United States District Court, M.D. Pennsylvania
Jan 10, 2011
CIVIL ACTION NO. 1:07-CV-1207 (M.D. Pa. Jan. 10, 2011)

Opinion

CIVIL ACTION NO. 1:07-CV-1207.

January 10, 2011


MEMORANDUM


Presently before the court is plaintiffs' objections (Doc. 39) to defendants' bill of costs. (Doc. 36). For the reasons that follow the court will overrule the objections in part and sustain the objections in part.

I. Background

On July 26, 2010, subsequent to the Third Circuit's affirmance of this court's grant of summary judgment in defendant's favor in the above-captioned matter, see Smith v. City of Lebanon, No. 09-4647 (3d Cir. July 19, 2010), defendants filed their bill of costs. (See Doc. 36). Defendants seek to tax $1,873.40 in court reporter fees for deposition transcripts. Defendants request costs for transcription of the depositions of plaintiff Lori Smith and her husband, Vincent Smith in the amount of $861.40, defendants Minnick and Anspach in the amount of $667, and defendant Lear in the amount of $345. (Doc. 36, at 3-5).
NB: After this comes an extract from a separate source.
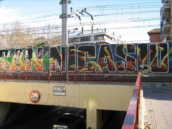 Keywords: Nicasio26.jpg es Mural en la tapia que delimita la vía del ferrocarril de cercanías C-5 en la salida del barrio de San Nicasio Leganés Comunidad de Madrid own Chaluco San Nicasio Leganés Rail transport in Leganés
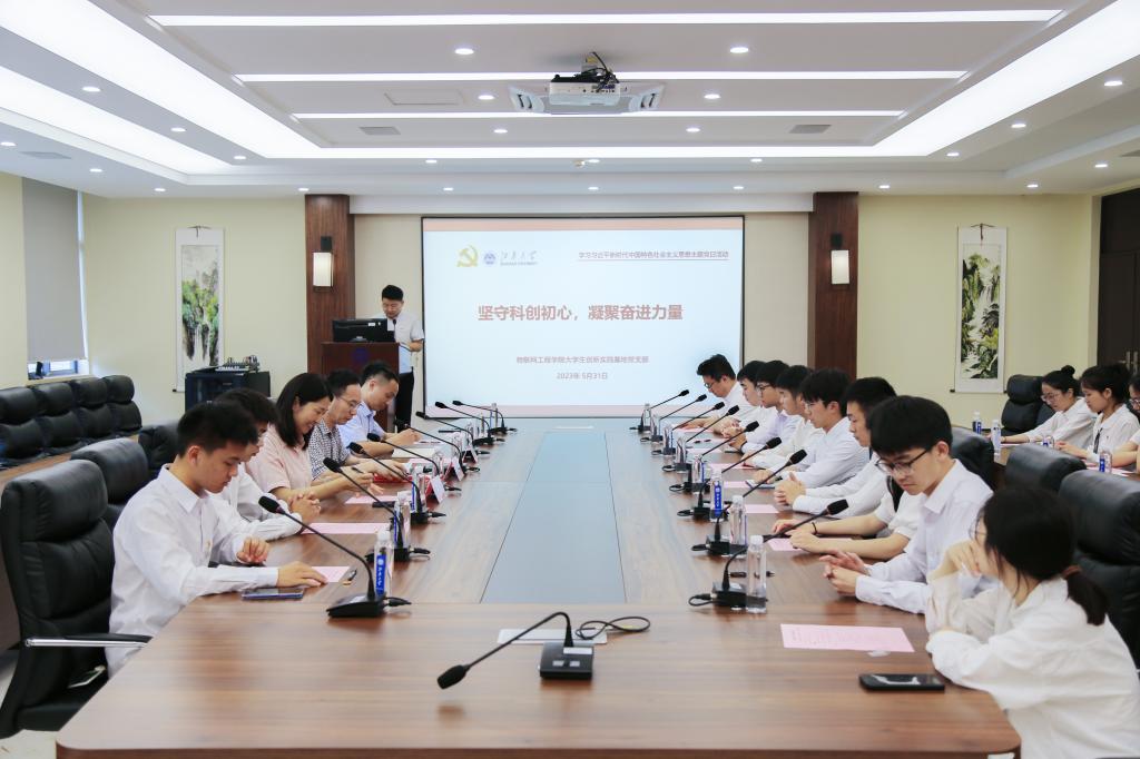 为深入开展学习贯彻习近平新时代中国特色社会主义思想主题教育,5月31日下午,日本动漫 大学生创新实践基地党支部(以下简称“大创党支部”)在学院B222开展“坚守科创初心,凝聚奋进力量”主题党日活动。日本动漫 党委常委、副校长堵国成,日本动漫 党委书记耿向阳,日本动漫 院长、大创党支部书记栾小丽,本科生辅导员曾磊以及大创党支部全体师生党员参加活动。活动由支部纪检委员、研究生辅导员王志顺主持。

The depositions of Anspach and Lear were video recorded by P.R. Video, Inc., and the depositions of the Smiths and Minnick were recorded by a stenographer. (See Docs. 18-2 through 18-5). It appears that a stenographer contracted by the defendants was also present for the depositions of Anspach and Lear. (See Doc. 18-2, at 6; Doc. 18-4, at 6). Defendants noticed the depositions of Lori and Vincent Smith, however, plaintiffs noticed the depositions of Officer Minnick, Officer Lear and Robert Anspach.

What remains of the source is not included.